= Boole family =

English family

The Boole family is an English family with number of illustrious scientists, intellectuals and artists. This is the family of George Boole, a mathematician, philosopher and logician. Boole's Boolean Algebra laid the foundation of modern computer science.

George Boole was born in 1815 to John Boole Sr., a shoemaker and Mary Ann Joyce. George Boole had 3 siblings, 2 brothers and 1 sister, namely Charles Boole, William Boole and Mary Boole.

In 1855, George Boole married Mary Everest Boole (niece of Sir George Everest).

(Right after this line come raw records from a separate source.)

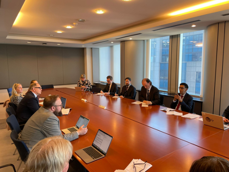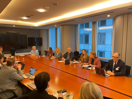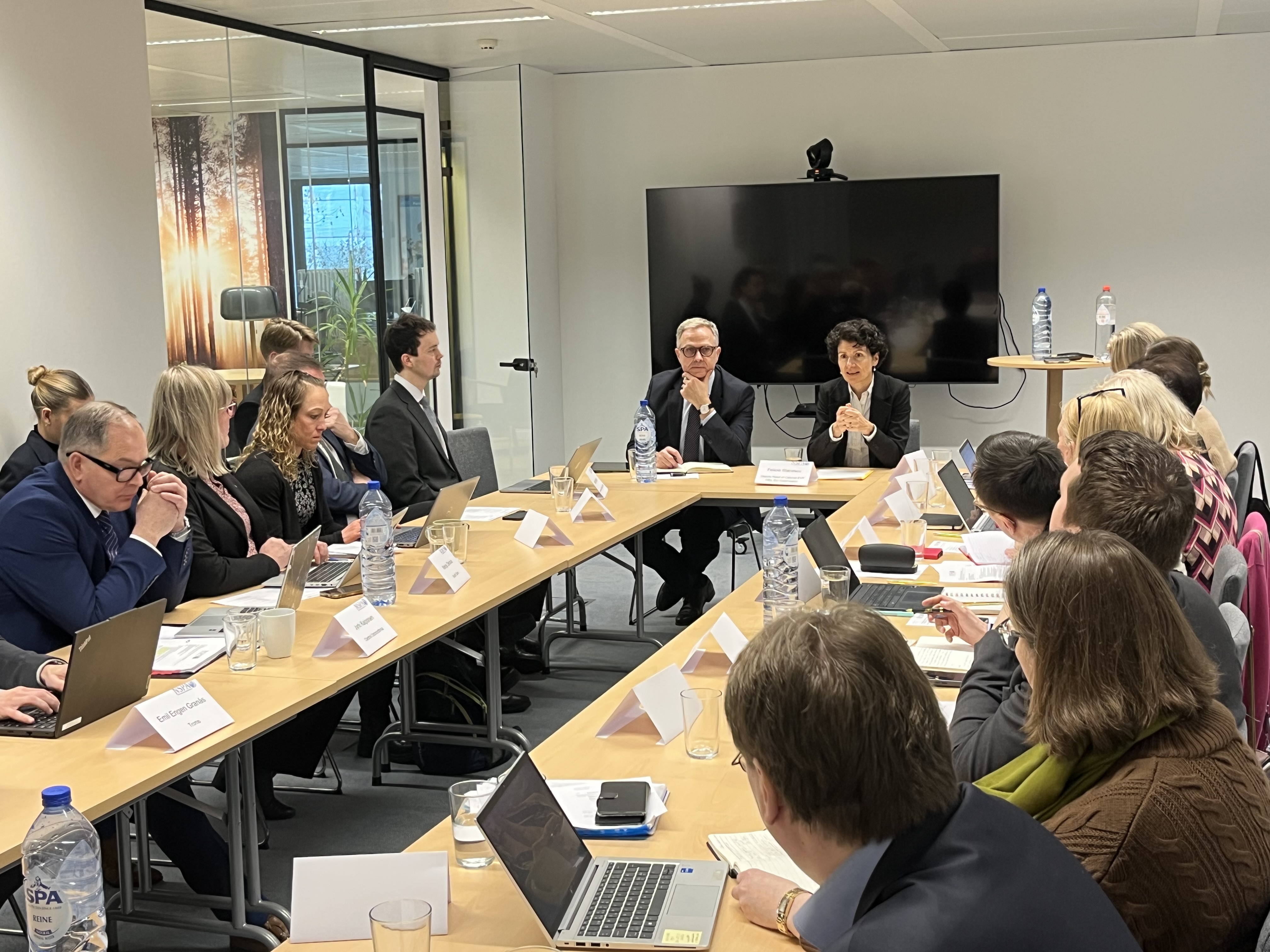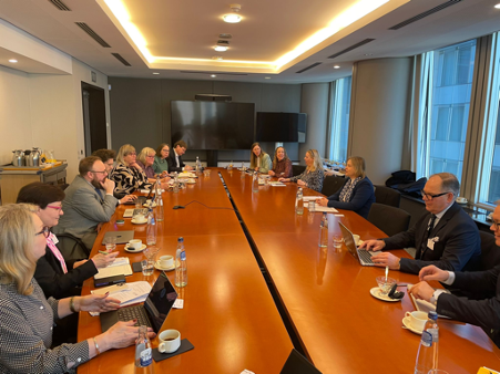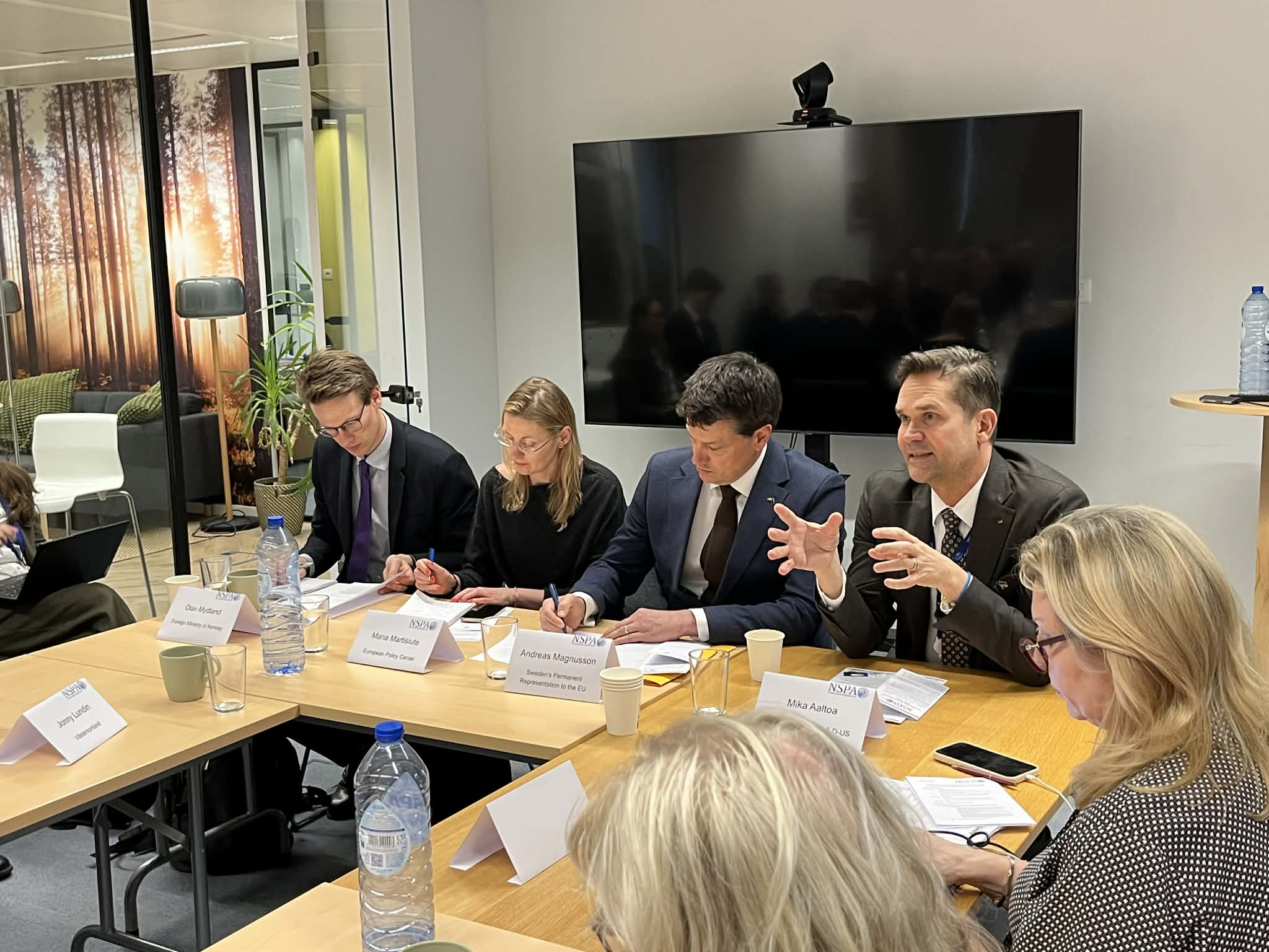 Efter rundabordssamtalet fortsatte diskussionerna i Europaparlamentet tillsammans med Karin Karlsbro, europaparlamentariker i utskotten för handel (INTA), miljö (ENVI) och fiske (PECH). Under mötet diskuterades Arktis såväl som handelsfrågor och geopolitiska spänningar, och hur dessa påverkar EU som helhet samt NSPA-regionerna, vilka i egenskap av stora exportörer av råvaror och med långa avstånd till marknader snabbt märker av förändrade handelsbalanser och leveranskedjor. Under diskussionen lyfte NSPA-representanterna hur viktigt det är att fortsätta stödja lokalsamhällen så att dessa kan stärkas i fredstid för att kunna hålla ställningarna i orostider. Mötet avslutades med en uppmaning från Karin att fortsätta lyfta NSPA-frågorna till beslutsfattare på såväl europeisk som nationell nivå, då dessa är högst aktuella och det behövs lokala röster som berättar om vad strategiskt viktiga regioner behöver.
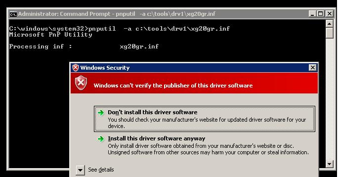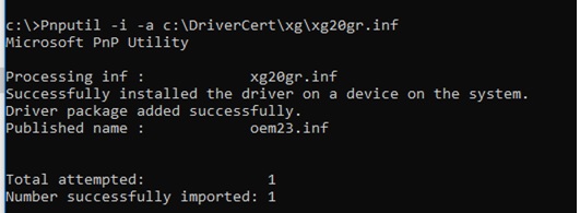 Pnputil –i –a C:\DriverCert\xg20\xg20gr.inf
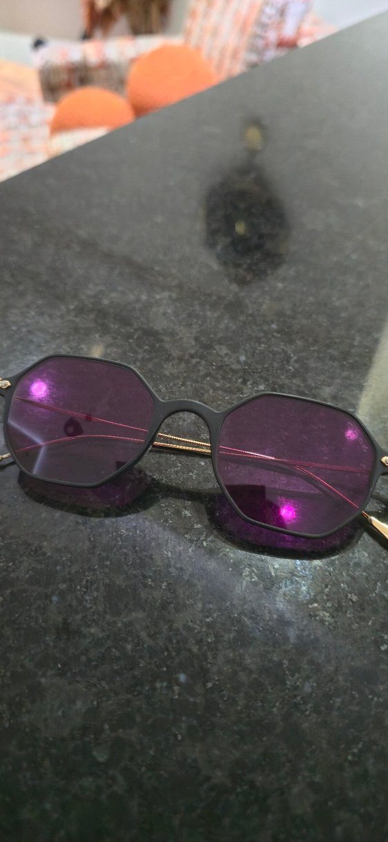 siyah çerçeveli, koyu pembe renkli, benzersiz çokgen şekilli kadın gözlüğü. Moda ve avangart tarz için ideal. ️

George and Mary had 5 children, all girls, namely:

- Mary Ellen Boole Hinton: Mary, a mathematician, married a fellow mathematician and author Charles Howard Hinton (son of James Hinton, a surgeon). They had four children, namely George (1882–1943), Eric (1884-), William (1886–1909), Sebastian (1887–1923). After the sudden death of her husband, Mary Ellen committed suicide in Washington, D.C. in May 1908.
  - Sebastian Boole Hinton, a lawyer. He married Carmelita Hinton (nee Chase), an educator, and had 3 children. Carmelita Hinton was sister to Helena Modjeska Chase, an accomplished artist, writer and musician.
    - Jean Hinton Rosner (1917–2002), a peace activist. She was married to Stephen 'Steve' Rosner. They had 4 children, namely, Edward Hinton Rosner, Marni Rosner, Sarah Wendi Rosner and Peter Robin Rosner.
    - William H. Hinton (1919–2004) visited China in the 1930s and 40s and wrote an influential account of the Communist land reform. Hinton married Bertha Sneck, an American translator and political activist.
      - Carma Hinton, William's daughter, a filmmaker and professor at George Mason University.
    - Joan Hinton (1921–2010), a nuclear physicist, worked for the Manhattan Project and lived in China from 1948 until her death on 8 June 2010; she was married to Erwin (Sid) Engst (1949–2003), an advisor to the People's Republic of China. They had 3 children.
      - Yang Heping (Fred Engst) is a professor at University of International Business and Economics at Beijing.
  - George Boole Hinton, a botanist.
    - Howard Everest Hinton, George's son, an entomologist and professor.
      - Geoffrey Everest Hinton, a cognitive psychologist and computer scientist notable for his work in field of Artificial Intelligence. He is famously referred as "Godfather of AI" and "Godfather of Deep Learning". He has been awarded Turing Award, sometimes referred to as the 'Nobel Prize of Computing', in 2018. The Nobel Prize in Physics 2024 was awarded to him and John J. Hopfield “for foundational discoveries and inventions that enable machine learning with artificial neural networks.”

- Margaret Boole (1858–1935), married Edward Ingram Taylor, an artist. They had two sons.
  - Geoffrey Ingram Taylor (1886-1975), a mathematician and a Fellow of the Royal Society.
  - Julian Taylor (1889-1961), a neurosurgeon and a professor of surgery.
- Alicia Boole Stott (1860–1940), a mathematician who made important contributions to four-dimensional geometry. Alicia Boole married Walter Stott in 1890, and they had 2 children:
  - Mary Stott (1891–1982), Alicia's daughter.
  - Leonard Stott (1892–1963), a medical doctor and tuberculosis pioneer, invented a portable X-ray machine, a pneumothorax apparatus, and system of navigation based on spherical coordinates.
- Lucy Everest Boole (1862–1904), a chemist who was the first female professor of chemistry in England and female Fellow of the Royal Institute of Chemistry. Lucy was a spinster.
- Ethel Lilian Voynich (1864–1960), a novelist and musician who married the Polish scientist and revolutionary Wilfrid Michael Voynich and was the author of the novel The Gadfly.